Please return every line of the records below that holds the word "video".

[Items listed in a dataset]
------

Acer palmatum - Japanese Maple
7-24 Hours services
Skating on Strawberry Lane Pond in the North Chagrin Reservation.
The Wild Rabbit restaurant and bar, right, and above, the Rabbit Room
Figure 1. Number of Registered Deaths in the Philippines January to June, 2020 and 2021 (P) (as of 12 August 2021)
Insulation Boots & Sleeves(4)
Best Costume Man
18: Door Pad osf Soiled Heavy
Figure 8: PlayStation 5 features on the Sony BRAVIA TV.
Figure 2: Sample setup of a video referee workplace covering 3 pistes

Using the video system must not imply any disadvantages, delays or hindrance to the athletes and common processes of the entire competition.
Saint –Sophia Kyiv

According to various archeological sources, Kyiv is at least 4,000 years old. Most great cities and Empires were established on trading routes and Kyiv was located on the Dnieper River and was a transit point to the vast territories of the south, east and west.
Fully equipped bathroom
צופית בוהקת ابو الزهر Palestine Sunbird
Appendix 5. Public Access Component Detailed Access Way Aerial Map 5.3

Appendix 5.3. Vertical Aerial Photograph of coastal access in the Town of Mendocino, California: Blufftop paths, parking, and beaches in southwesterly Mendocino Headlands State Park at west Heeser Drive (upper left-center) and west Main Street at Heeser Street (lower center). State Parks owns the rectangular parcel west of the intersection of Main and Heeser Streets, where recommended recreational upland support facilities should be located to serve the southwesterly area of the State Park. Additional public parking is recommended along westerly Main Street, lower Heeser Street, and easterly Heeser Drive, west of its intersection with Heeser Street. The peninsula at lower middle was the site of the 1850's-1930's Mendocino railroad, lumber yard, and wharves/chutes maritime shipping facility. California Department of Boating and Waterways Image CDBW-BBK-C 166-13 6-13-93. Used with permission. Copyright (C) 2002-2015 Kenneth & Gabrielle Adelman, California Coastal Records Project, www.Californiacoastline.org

------

> **SOLVED EXERCISE**:
Figure 2: Sample setup of a video referee workplace covering 3 pistes
Using the video system must not imply any disadvantages, delays or hindrance to the athletes and common processes of the entire competition.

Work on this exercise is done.